------ Data supplied ------
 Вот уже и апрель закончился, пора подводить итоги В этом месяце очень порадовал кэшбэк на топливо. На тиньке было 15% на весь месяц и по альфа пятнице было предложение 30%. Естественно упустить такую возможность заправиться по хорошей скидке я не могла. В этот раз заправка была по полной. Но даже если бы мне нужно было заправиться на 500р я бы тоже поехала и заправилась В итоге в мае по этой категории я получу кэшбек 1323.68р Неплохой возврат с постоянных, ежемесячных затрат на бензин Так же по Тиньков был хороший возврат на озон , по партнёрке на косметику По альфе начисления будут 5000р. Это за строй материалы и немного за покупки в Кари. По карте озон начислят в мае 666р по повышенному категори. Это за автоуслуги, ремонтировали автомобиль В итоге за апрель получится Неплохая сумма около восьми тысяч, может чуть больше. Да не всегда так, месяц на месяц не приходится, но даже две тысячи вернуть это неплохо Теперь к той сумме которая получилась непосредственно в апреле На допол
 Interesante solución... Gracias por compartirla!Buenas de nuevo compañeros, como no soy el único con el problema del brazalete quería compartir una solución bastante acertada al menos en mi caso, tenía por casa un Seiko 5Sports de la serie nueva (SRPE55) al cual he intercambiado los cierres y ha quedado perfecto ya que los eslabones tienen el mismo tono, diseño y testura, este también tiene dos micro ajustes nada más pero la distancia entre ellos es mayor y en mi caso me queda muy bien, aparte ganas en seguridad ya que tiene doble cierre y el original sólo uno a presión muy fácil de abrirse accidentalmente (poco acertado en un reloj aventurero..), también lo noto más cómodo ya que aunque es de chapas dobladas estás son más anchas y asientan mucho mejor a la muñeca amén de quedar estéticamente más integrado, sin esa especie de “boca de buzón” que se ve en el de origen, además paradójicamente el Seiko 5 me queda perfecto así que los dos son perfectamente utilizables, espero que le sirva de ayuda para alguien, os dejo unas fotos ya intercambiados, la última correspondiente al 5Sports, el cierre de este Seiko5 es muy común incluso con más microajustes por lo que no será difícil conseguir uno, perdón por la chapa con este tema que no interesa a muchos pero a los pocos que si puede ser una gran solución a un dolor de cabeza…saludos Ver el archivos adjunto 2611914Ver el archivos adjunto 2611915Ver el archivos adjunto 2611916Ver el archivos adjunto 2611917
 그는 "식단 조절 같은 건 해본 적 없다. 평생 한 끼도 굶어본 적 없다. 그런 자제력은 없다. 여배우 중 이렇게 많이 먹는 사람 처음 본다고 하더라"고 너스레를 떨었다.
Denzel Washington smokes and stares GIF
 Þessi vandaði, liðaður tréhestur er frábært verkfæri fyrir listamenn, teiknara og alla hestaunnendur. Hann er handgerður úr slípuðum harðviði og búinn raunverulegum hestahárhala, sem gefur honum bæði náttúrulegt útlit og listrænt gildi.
------
------ Data supplied ------
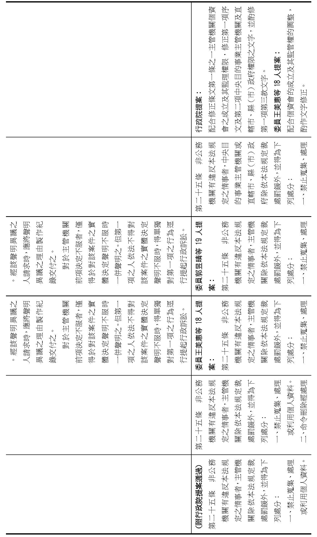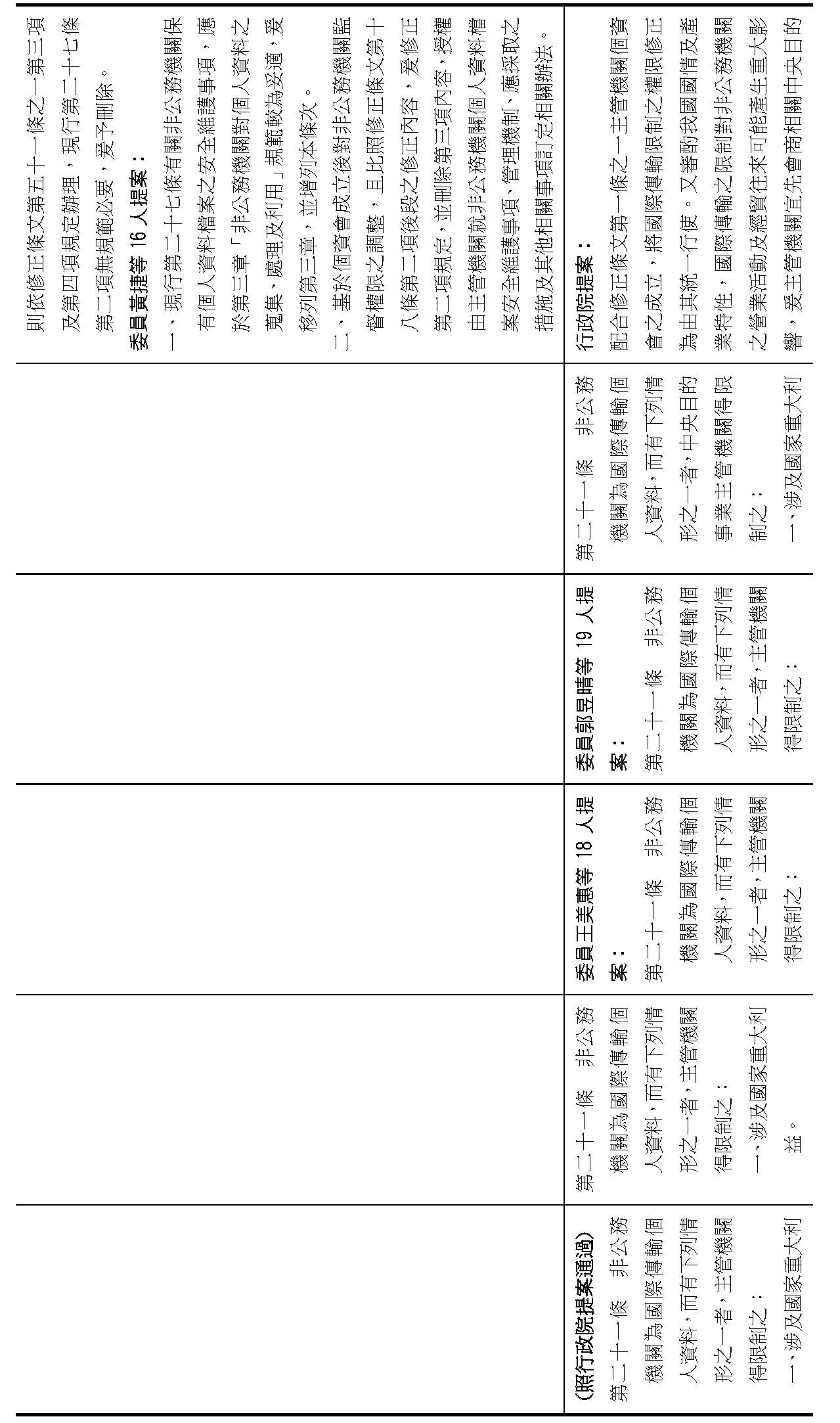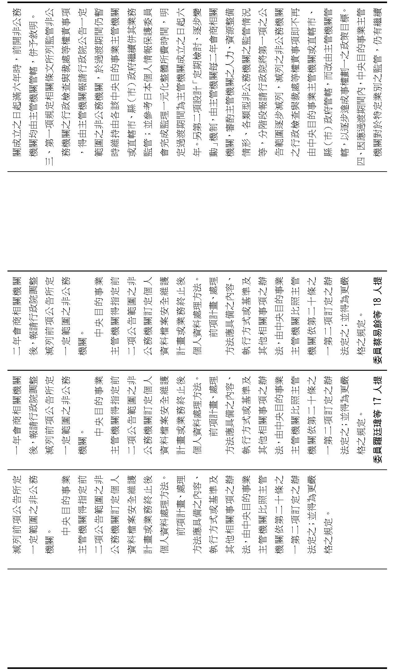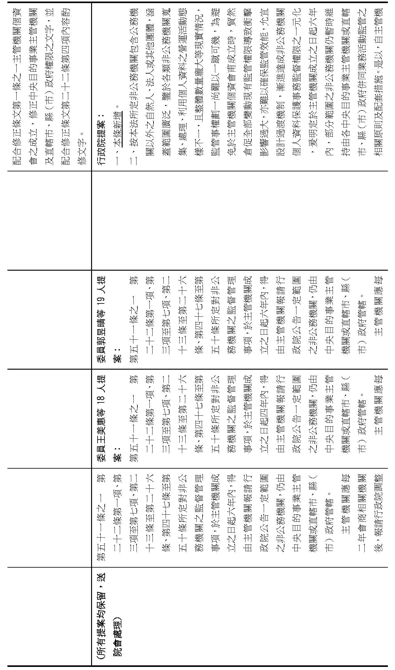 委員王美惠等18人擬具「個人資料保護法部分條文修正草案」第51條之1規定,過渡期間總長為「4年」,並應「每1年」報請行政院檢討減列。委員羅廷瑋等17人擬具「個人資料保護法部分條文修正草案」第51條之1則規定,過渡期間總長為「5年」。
------
------ Data supplied ------
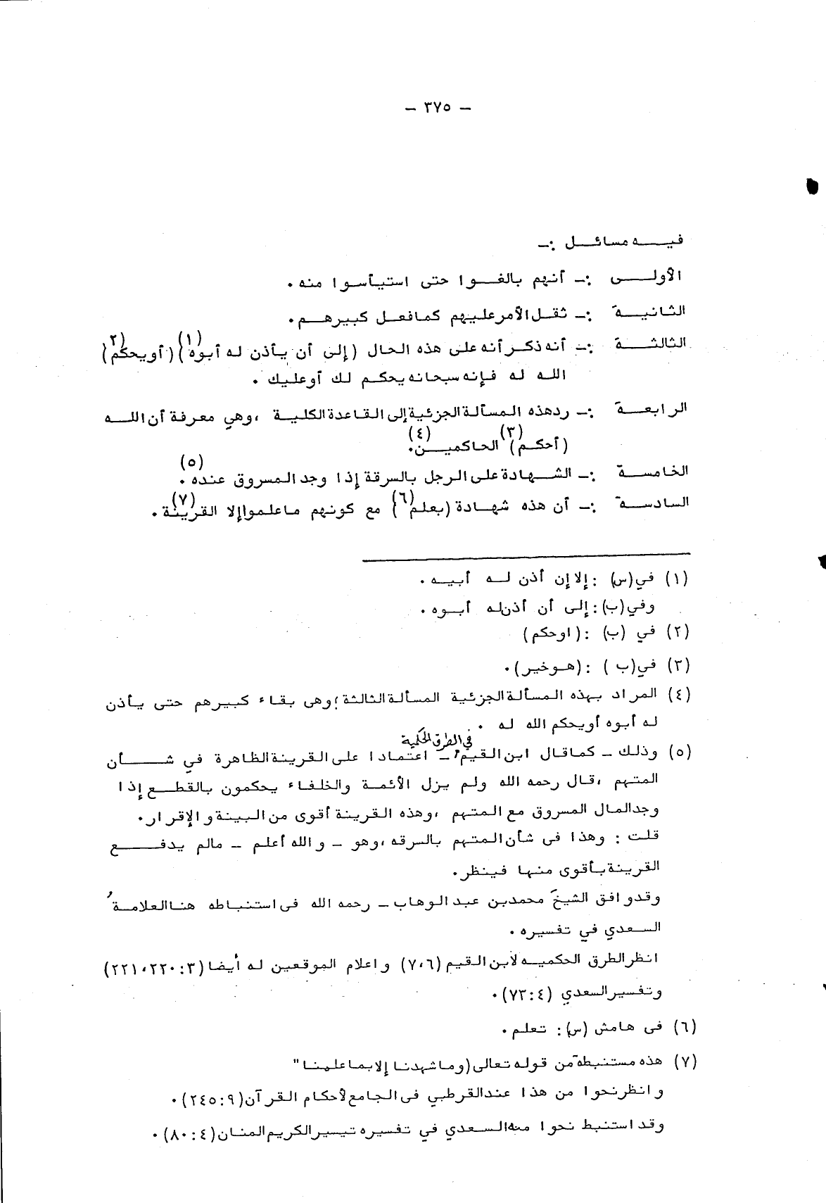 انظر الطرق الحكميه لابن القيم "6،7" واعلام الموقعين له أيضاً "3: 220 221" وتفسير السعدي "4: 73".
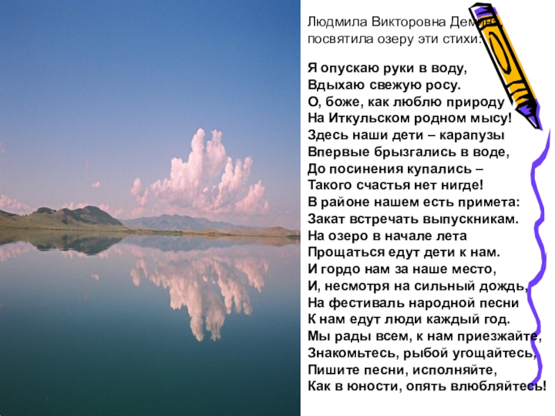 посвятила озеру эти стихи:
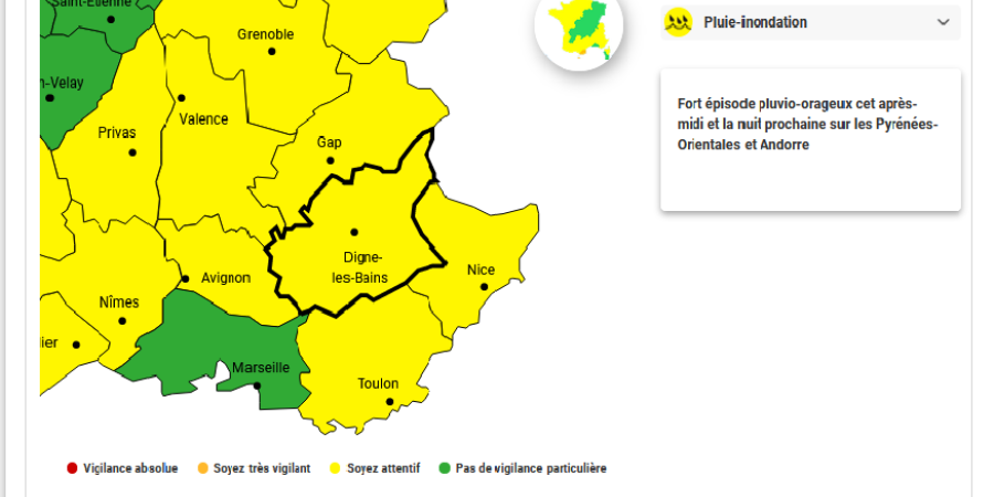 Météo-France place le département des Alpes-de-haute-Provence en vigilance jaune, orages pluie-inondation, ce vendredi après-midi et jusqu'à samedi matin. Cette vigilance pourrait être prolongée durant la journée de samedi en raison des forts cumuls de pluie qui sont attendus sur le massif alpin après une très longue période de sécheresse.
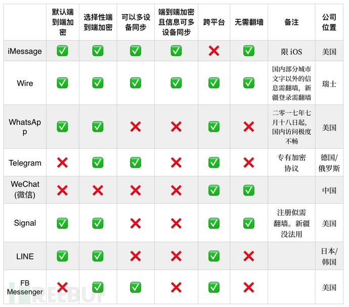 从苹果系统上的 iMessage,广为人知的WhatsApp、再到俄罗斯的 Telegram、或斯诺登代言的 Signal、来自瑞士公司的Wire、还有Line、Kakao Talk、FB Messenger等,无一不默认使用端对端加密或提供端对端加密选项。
------
**Task goal**
Within the listing above, the range opens at the line with "없다. 그런 자제력은" and closes at the line with "Þessi vandaði, liðaður". Reproduce exactly the lines of that range, including both ends.

**Answer to this exercise**
 그는 "식단 조절 같은 건 해본 적 없다. 평생 한 끼도 굶어본 적 없다. 그런 자제력은 없다. 여배우 중 이렇게 많이 먹는 사람 처음 본다고 하더라"고 너스레를 떨었다.
Denzel Washington smokes and stares GIF
 Þessi vandaði, liðaður tréhestur er frábært verkfæri fyrir listamenn, teiknara og alla hestaunnendur. Hann er handgerður úr slípuðum harðviði og búinn raunverulegum hestahárhala, sem gefur honum bæði náttúrulegt útlit og listrænt gildi.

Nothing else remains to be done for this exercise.